Prompt
Print all of the data below exactly as it appears, leaving out every image.

Data extracted from a collection:

────────────────

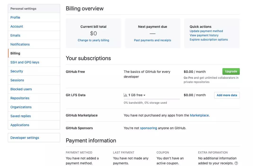 在个人中心-设置-账单中,会显示你的现有结算日期,付款方式和收据。支持信用卡和paypal,目前有少数开发者账号获得赞助资格,未来会有开放给更多对社区开发者。只要你有贡献,就可以申请接受赞助。
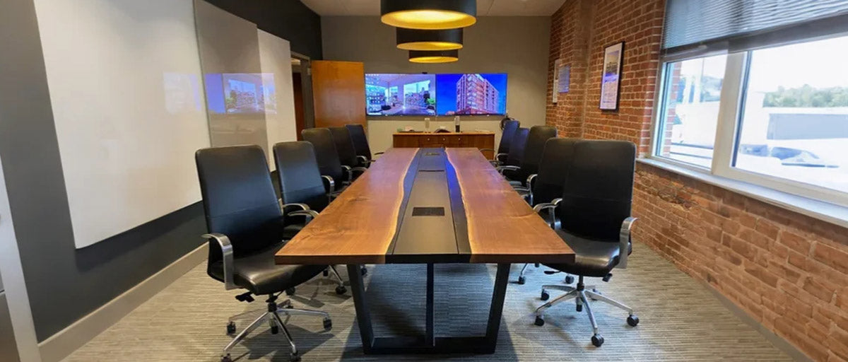 Transform your dining or meeting space with this handcrafted live edge black walnut epoxy river table, featuring a breathtaking ocean wave design. ...
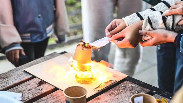 Po vedomostnej polhodinke na streche centra prebudili zvedavosť piatakov Tomášove pokusy. Takáto zážitková chémia a fyzika vyvolala nemý úžas aj v dospelých. Tínedžeri mohli vidieť, ako sa dá pomocou karbidu vápenatého vytvoriť hlasný „výbuch“. Týmto pokusom im Tomáš demonštroval rozpínanie plynu. A nebola núdza ani o dobrovoľníkov, vyskúšať si to chcel každý.
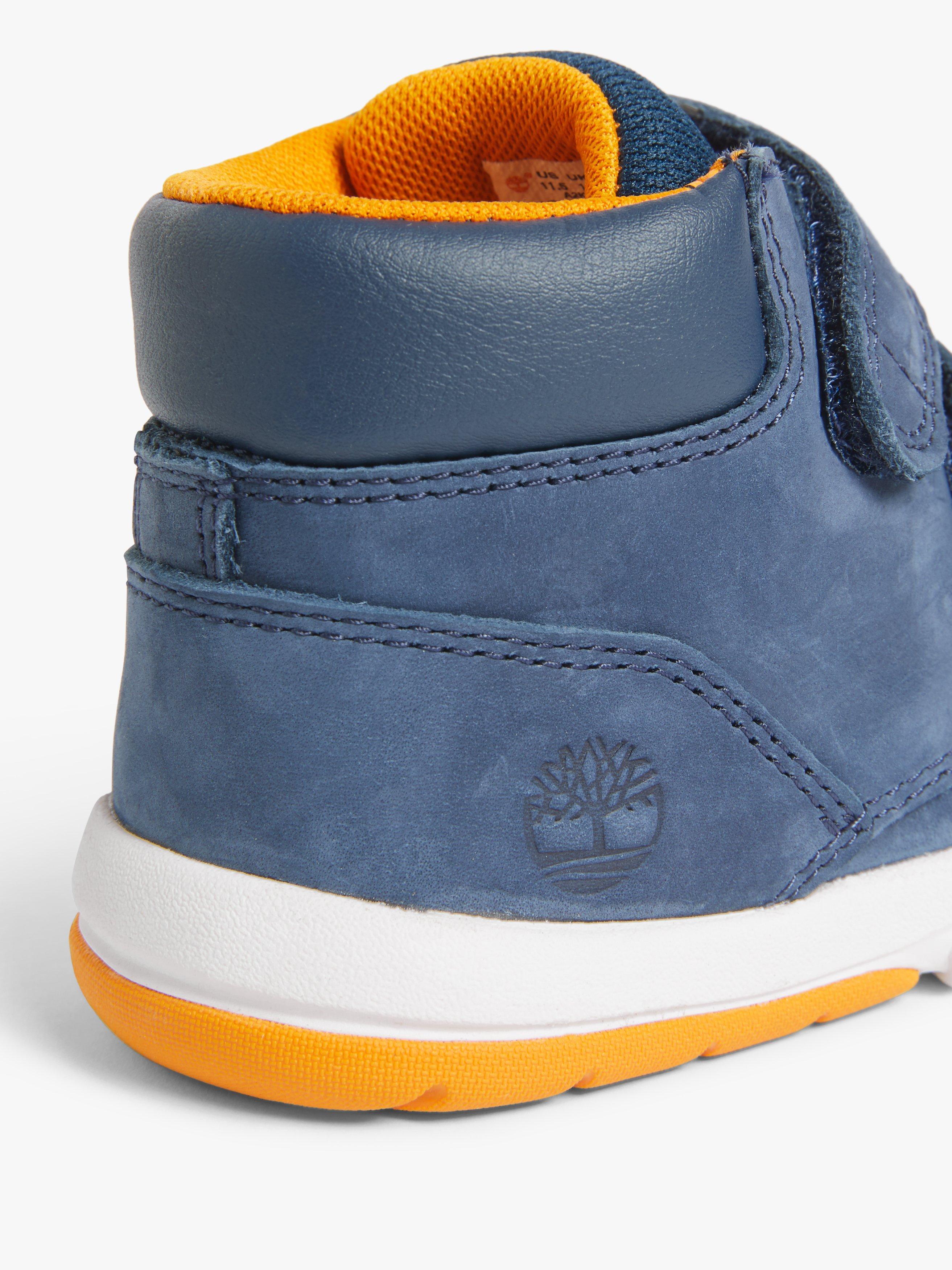 The rip-tape fastening makes them easy to take on and off and the chunky ankle padding makes them comfortable for your mini adventurer. Treated with Timberland's Splash Blaster protector, a breathable coating that protects the boots from splashes and stains.
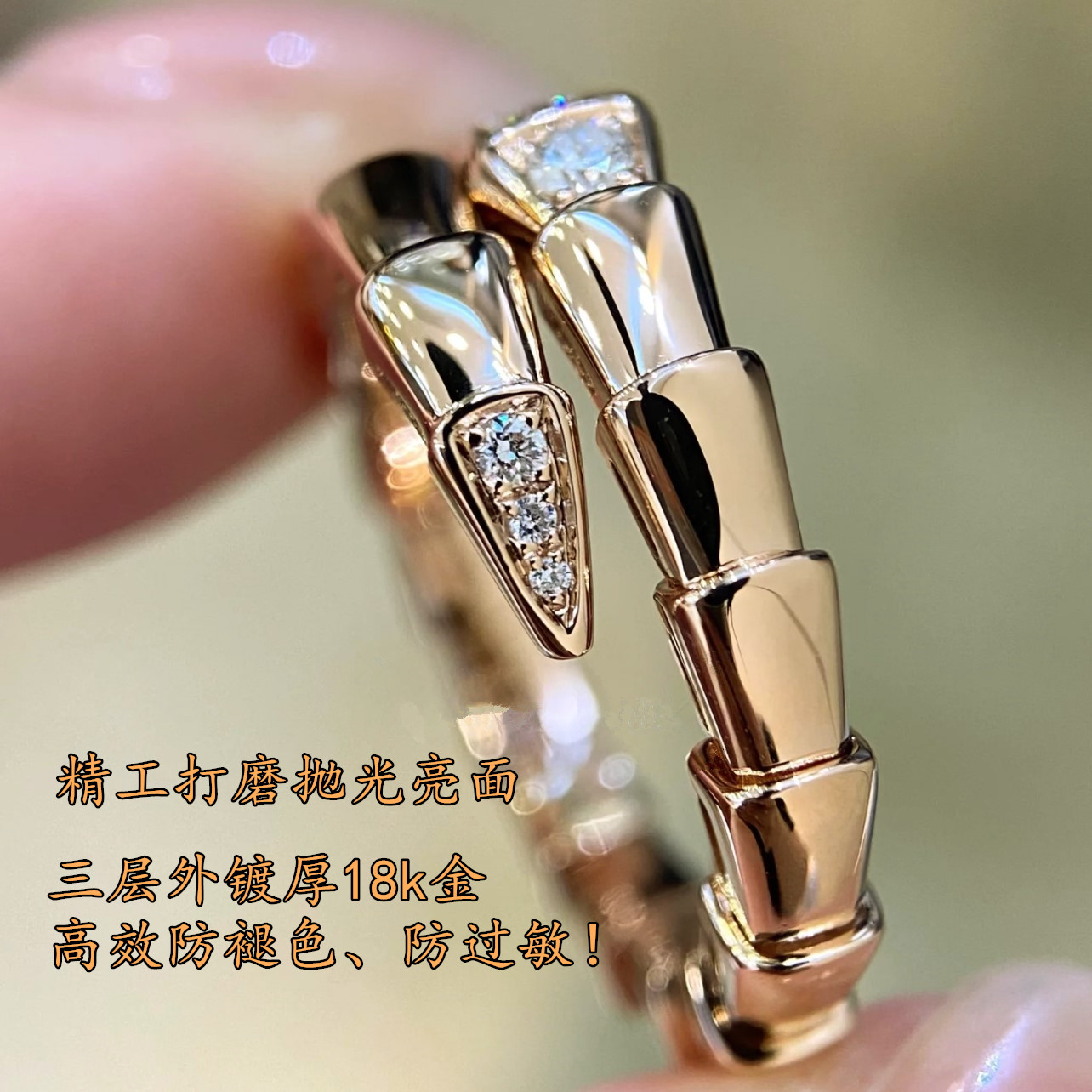 高版本蛇年新款蛇形戒指女轻奢镀18K玫瑰金小众设计高级感食指环

────────────────

Exercise answer
 在个人中心-设置-账单中,会显示你的现有结算日期,付款方式和收据。支持信用卡和paypal,目前有少数开发者账号获得赞助资格,未来会有开放给更多对社区开发者。只要你有贡献,就可以申请接受赞助。
 Transform your dining or meeting space with this handcrafted live edge black walnut epoxy river table, featuring a breathtaking ocean wave design. ...
 Po vedomostnej polhodinke na streche centra prebudili zvedavosť piatakov Tomášove pokusy. Takáto zážitková chémia a fyzika vyvolala nemý úžas aj v dospelých. Tínedžeri mohli vidieť, ako sa dá pomocou karbidu vápenatého vytvoriť hlasný „výbuch“. Týmto pokusom im Tomáš demonštroval rozpínanie plynu. A nebola núdza ani o dobrovoľníkov, vyskúšať si to chcel každý.
 The rip-tape fastening makes them easy to take on and off and the chunky ankle padding makes them comfortable for your mini adventurer. Treated with Timberland's Splash Blaster protector, a breathable coating that protects the boots from splashes and stains.
 高版本蛇年新款蛇形戒指女轻奢镀18K玫瑰金小众设计高级感食指环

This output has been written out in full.